Posted by: Kathy Krywicki
From the Old Time Stuff (OTS) column May 30, 1931 Ottawa Citizen the note about a house built 34 years prior, that is, in 1897, as the first house on Sunnyside Avenue east of Bank Street.
A Part of Ottawa Was Known as Oakland Heights
That was when C.C. Ray some 35 years ago put on a subdivision which embraced Bank, Sunnyside, Belmont and Riverdale. Sunnyside Ave. East of Bank Street had a high grade.
When Wm H. Sproule built a home on Sunnyside Avenue just east of Bank Street, thirty-four years ago, his was the only house on that street east of Bank Street. There were a few houses west of Bank, not many at that—possibly half a dozen.
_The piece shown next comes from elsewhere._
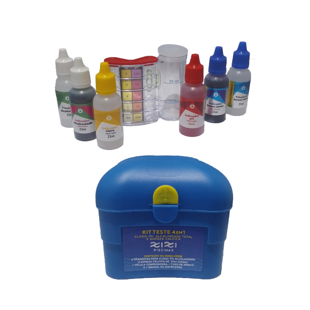 Kit Estojo De Teste 4 em 1 Para Piscina Medição Ph / Cloro / Alcalinidade e Dureza Total

Mr. Sproule tells us that when he moved on to Sunnyside avenue the grade of the street was much higher than now—from four to five feet near Bank and from 5 to 10 feet closer to Riverdale.
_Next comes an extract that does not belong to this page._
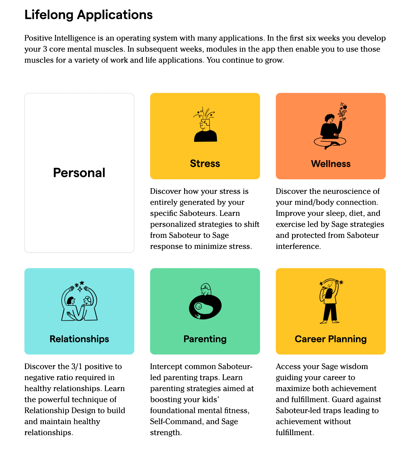 Though you could certainly purchase this program and get through it on your own, there are huge advantages to doing it with a trained Positive Intelligence Coach and a pod of peers. The support and accountability you'll receive increase your chances of successfully building new mental health habits, embodying the information you'll learn, and creating lasting change--and that's why you're here, right?

The grade remained that way till after 1907, when Ottawa South became part of Ottawa.
Called Oakland Heights
At that time the district between Sunnyside, Belmont, Bank and Riverdale was known as Oakland Heights. The land was owned by Mr. C.C. Ray (who is still with us) and was subdivided by him under that title. But after some years, (after it became part of the city, this subdivision and all other subdivisions assumed the general title of “Ottawa South”, a title which it holds to this day.
The McKay Home
When Mr. Sproule moved on to Sunnyside Avenue there was no big convent behind him, as at present. The property was then still in the hands of the Thomas McKay family.
Mr. Sproule as a pioneer has watched Ottawa South grow from a very little place to a place of size and importance.
Note: Wm H. Sproule, a jeweller, is listed in the 1909 Ottawa city directory at 151 Sunnyside, one house east of Bank Street. The numbering along the street changed in 1916 and the house number is now 271 Sunnyside.